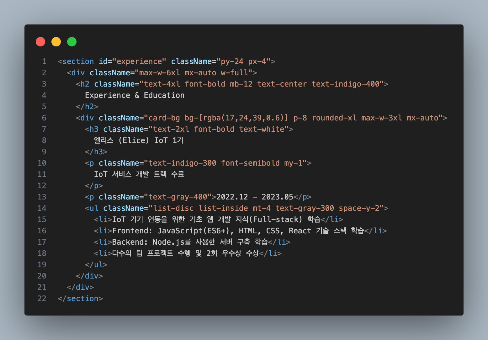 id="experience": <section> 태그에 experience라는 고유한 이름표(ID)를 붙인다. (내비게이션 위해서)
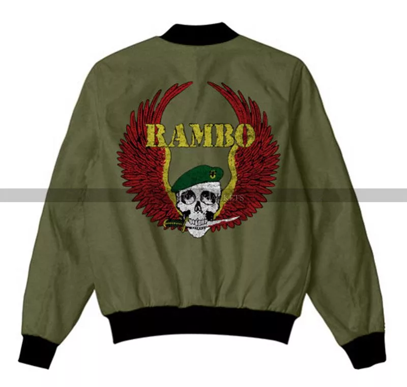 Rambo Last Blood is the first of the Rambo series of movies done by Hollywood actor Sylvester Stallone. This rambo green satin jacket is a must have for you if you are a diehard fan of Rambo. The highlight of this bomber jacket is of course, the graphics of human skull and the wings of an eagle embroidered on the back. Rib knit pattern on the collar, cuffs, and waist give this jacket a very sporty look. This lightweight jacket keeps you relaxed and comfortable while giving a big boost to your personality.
---
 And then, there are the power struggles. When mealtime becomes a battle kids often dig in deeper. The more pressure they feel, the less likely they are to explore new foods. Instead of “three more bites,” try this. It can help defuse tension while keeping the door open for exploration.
==
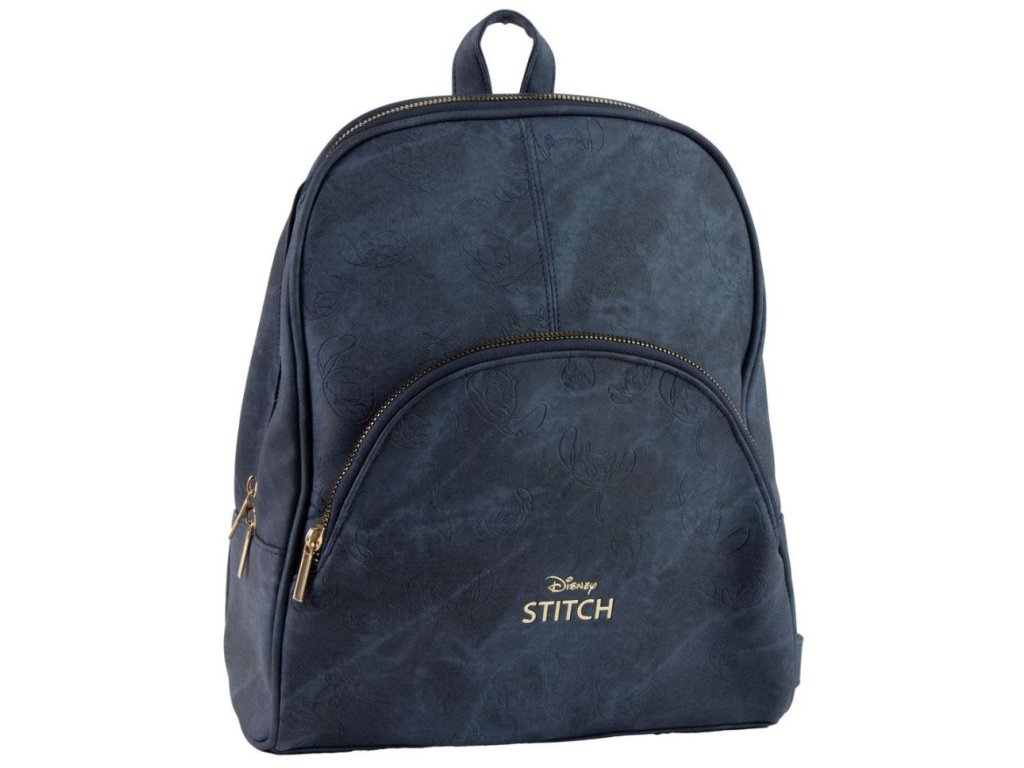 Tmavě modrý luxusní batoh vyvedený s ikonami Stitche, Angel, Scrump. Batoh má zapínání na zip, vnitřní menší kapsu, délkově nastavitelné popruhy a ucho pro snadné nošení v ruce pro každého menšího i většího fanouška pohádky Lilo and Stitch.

• _What the task asks_
What are the lines above from the one with "붙인다. (내비게이션 위해서)" to the one with "Rambo Last Blood", both included? Reproduce them exactly, without pictures.

• _Written answer_
 id="experience": <section> 태그에 experience라는 고유한 이름표(ID)를 붙인다. (내비게이션 위해서)
 Rambo Last Blood is the first of the Rambo series of movies done by Hollywood actor Sylvester Stallone. This rambo green satin jacket is a must have for you if you are a diehard fan of Rambo. The highlight of this bomber jacket is of course, the graphics of human skull and the wings of an eagle embroidered on the back. Rib knit pattern on the collar, cuffs, and waist give this jacket a very sporty look. This lightweight jacket keeps you relaxed and comfortable while giving a big boost to your personality.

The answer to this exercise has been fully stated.